Leucadendron burchellii
- Conservation status: Vulnerable (IUCN 3.1)

Scientific classification
- Kingdom: Plantae
- Clade: Tracheophytes
- Clade: Angiosperms
- Clade: Eudicots
- Order: Proteales
- Family: Proteaceae
- Genus: Leucadendron
- Species: L. burchellii
- Binomial name: Leucadendron burchellii I.Williams

= Leucadendron burchellii =

- Genus: Leucadendron
- Species: burchellii
- Authority: I.Williams
- Conservation status: VU

Species of plant

Leucadendron burchellii, the Riviersonderend conebush, is a flower-bearing shrub that belongs to the genus Leucadendron and forms part of the fynbos. The plant is native to the Western Cape, South Africa.

==Description==
The shrub grows 1.6 m tall and flowers in August. The plant dies after a fire but the seeds survive. The seeds are stored in a toll on the female plant and fall to the ground after two months. The seed is then spread by ants that carry it to their nests.
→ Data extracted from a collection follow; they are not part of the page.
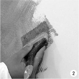 Před aplikací promíchejte vybranou základní směs, postupně přidávejte pigment, dokud nedosáhnete požadovaného odstínu. Naneste materiál plochým, širokým a zkráceným štětcem volnými pohyby, rovnoměrně rozprostírající křemenné částice po povrchu (obr. 2).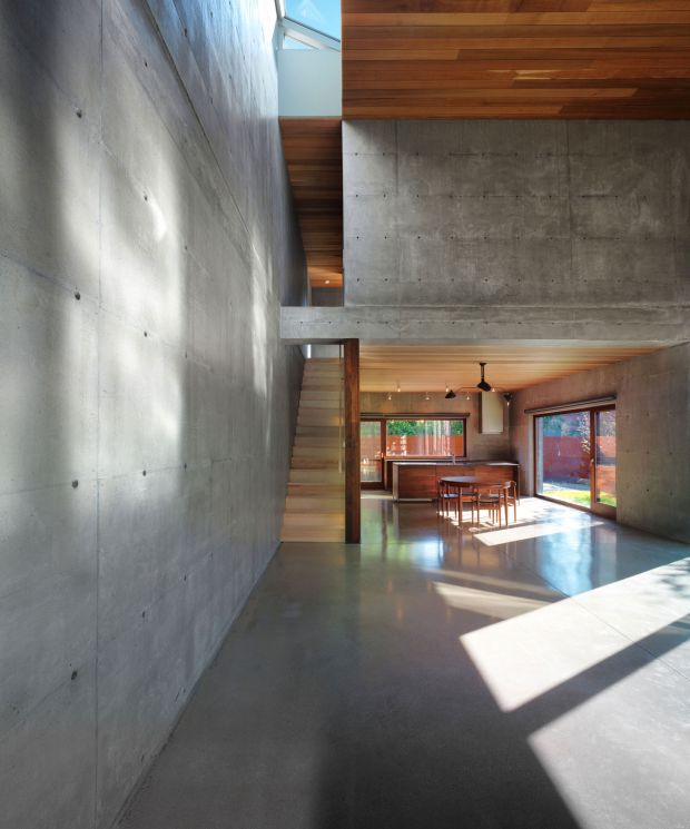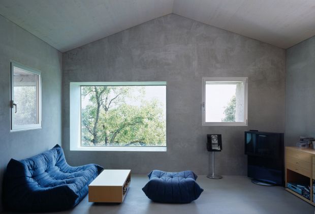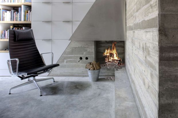 Слегка шершавая поверхность бетона потолка и пола эффектно смотрится с гладкими деревянными стенами. Потолок делают кремового цвета или белым за счет пигментов.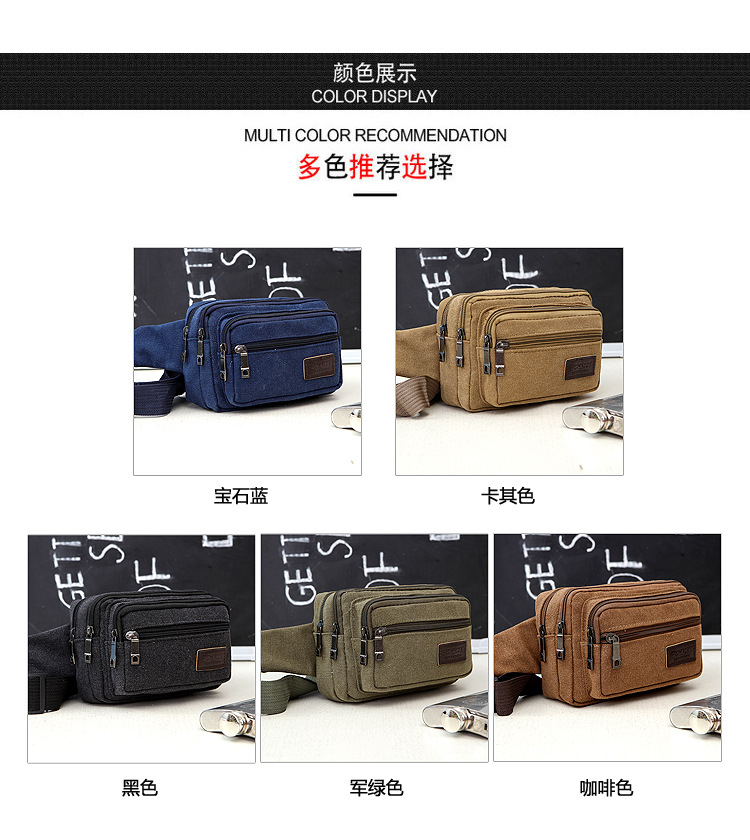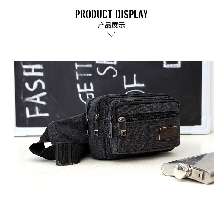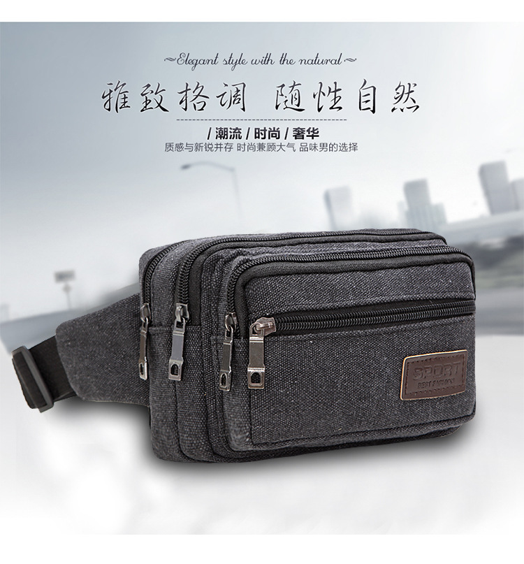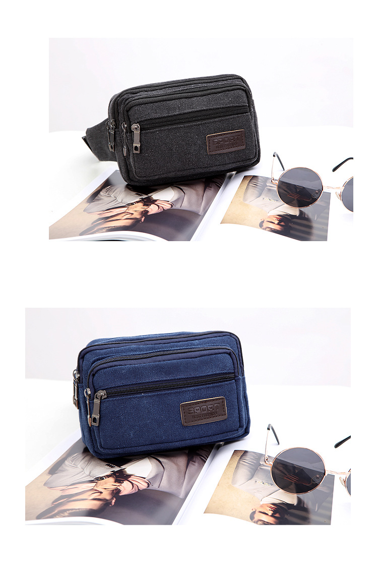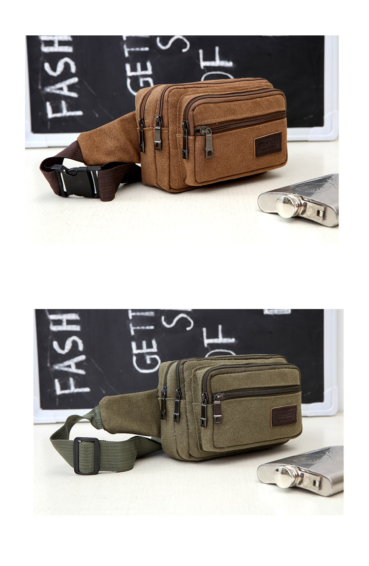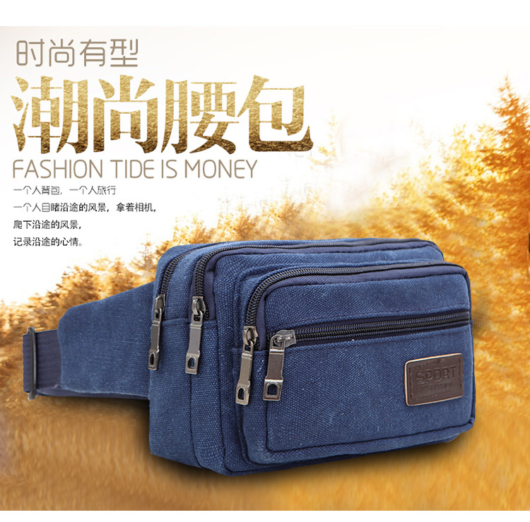 Men's Canvas Waist Bag Manufacturer Wholesale Outdoor Sports Multi-Functional Diagonal Small Square Bag Coin Purse Street Stall Supply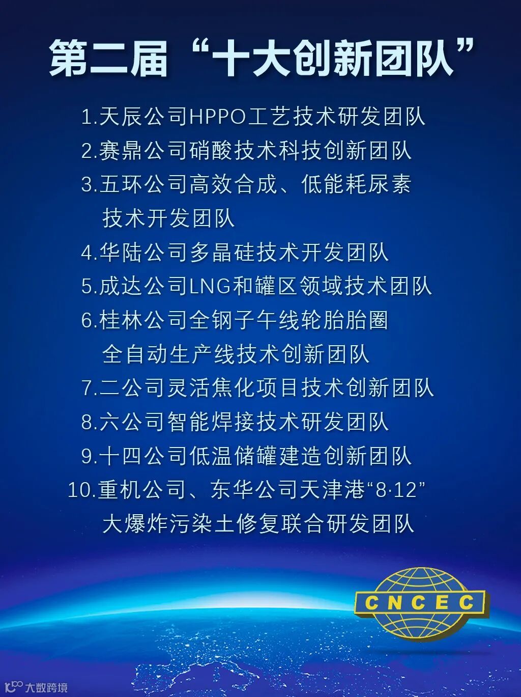 为表彰先进,进一步发挥创新典型在企业创新工作中的带动作用,激发创新活力,经集团公司组织评选,集团公司党委常委会研究决定,授予10支团队中国化学工程集团有限公司第二届“十大创新团队”称号。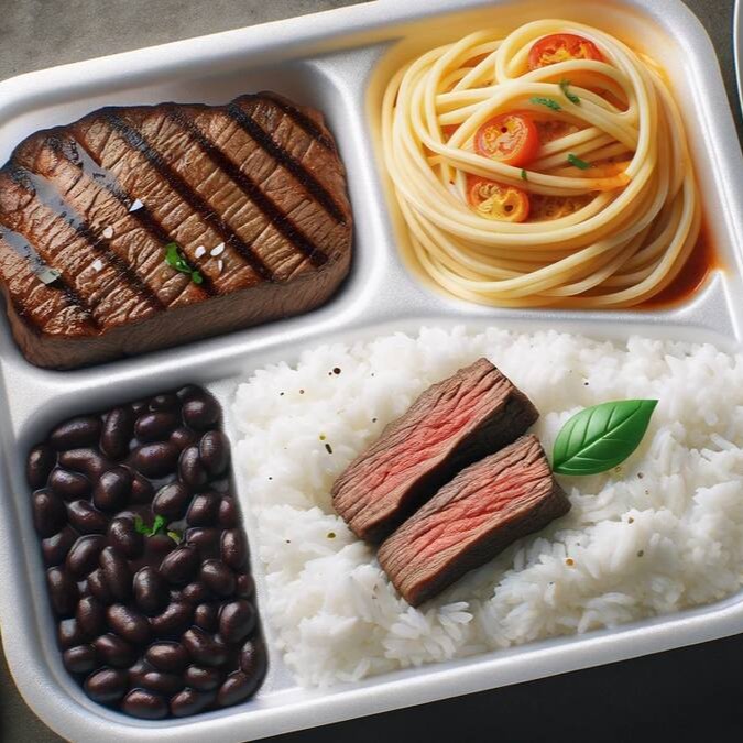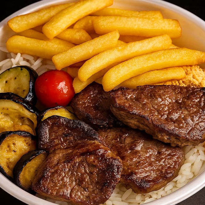 Marmita média com alcatra na chapa suculenta, arroz branco soltinho, feijão bem temperado, farofa crocante e batata frita douradinha. Sabor e equilíbrio em cada garfada. Acompanha Sprite lata
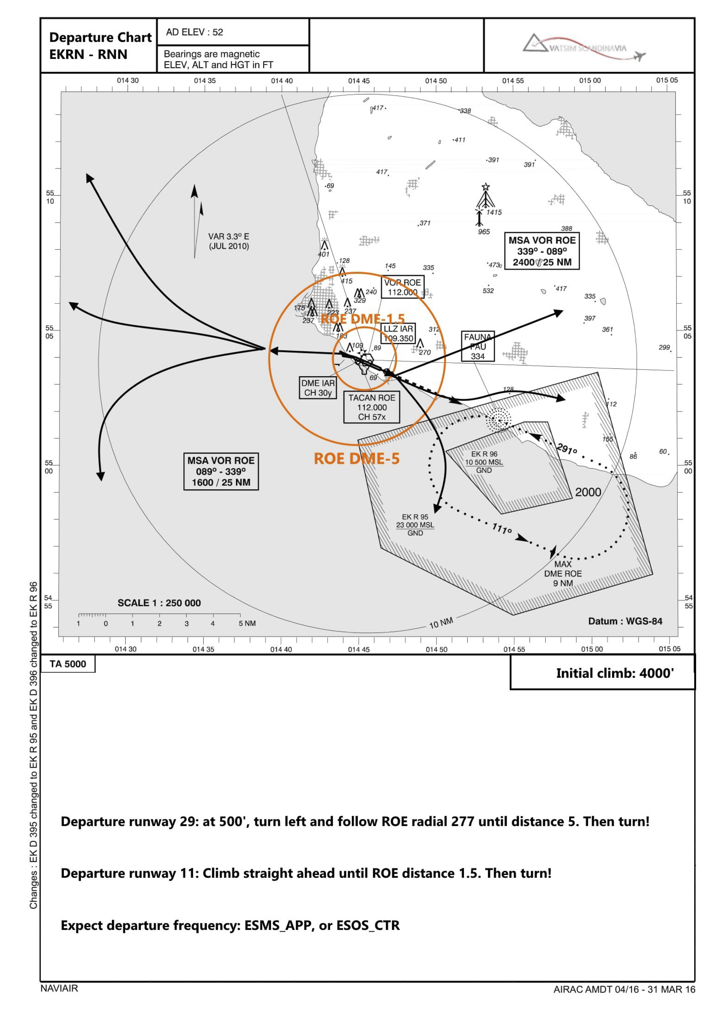 As there are no SIDs in Rønne your departure clearance will sound like this: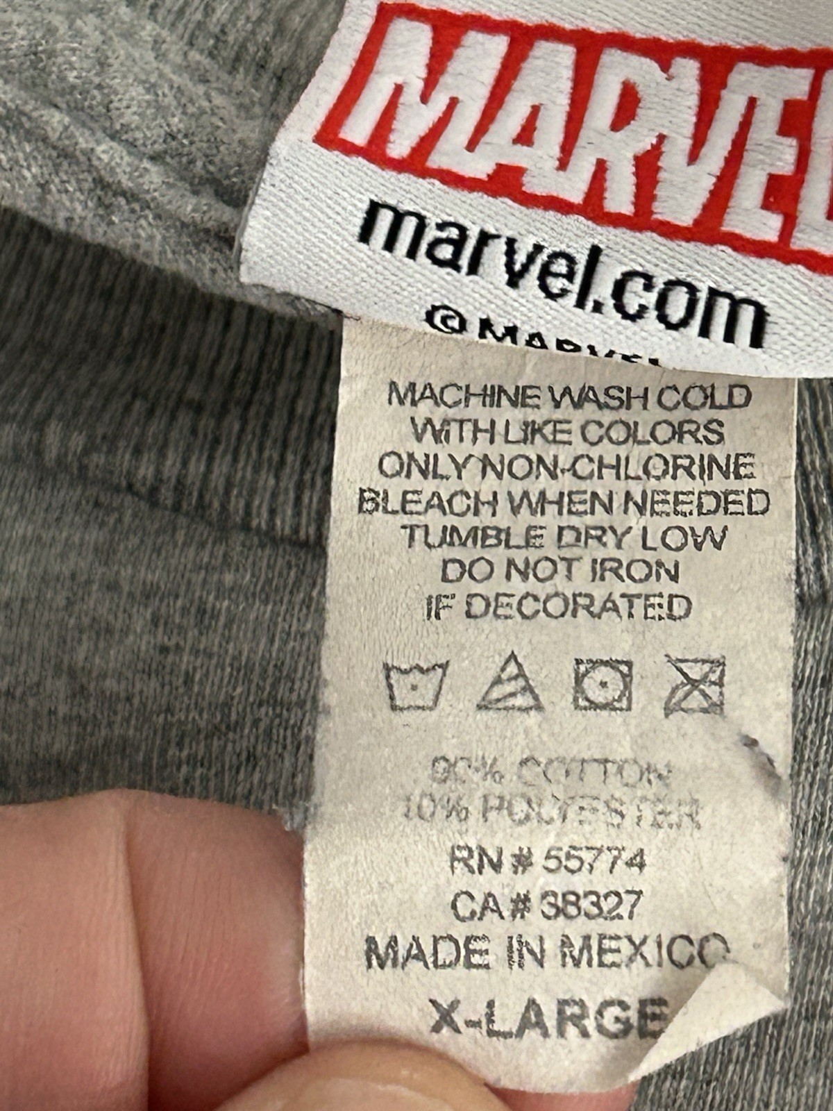 This Marvel Spider-Man T-Shirt from the 2000's features a graphic print of Spider-Man in a gray color with a crew neck and short sleeves. Made from a polyester and cotton blend, the shirt is machine washable and lightweight, perfect for wearing during the summer, fall, or spring seasons. The regular fit and XL size make it comfortable for men who are fans of Marvel Comics and the Spider-Man character. Easy to care for, this shirt is a stylish and nostalgic addition to any collection.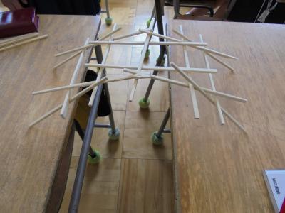 最初はなかなか組み上がらなかったのですが、どんどん長く、しっかりしたものが出来るようになってきました。コツは「バランス」と「集中力」です。橋全体を見つつ、バランスを取って割り箸を組み込んでいくことが大切です。

The plant is unisexual and there are separate plants with male and female flowers, which are pollinated by small beetles.

In Afrikaans, it is known as the Riviersonderend-tolbos.

==Distribution and habitat==
The plant occurs in the Riviersonderend Mountains from Jonaskop to McGregor. The plant grows on northern slopes in rocky or sandy sandstone soils at altitudes of 800 to 1000 m.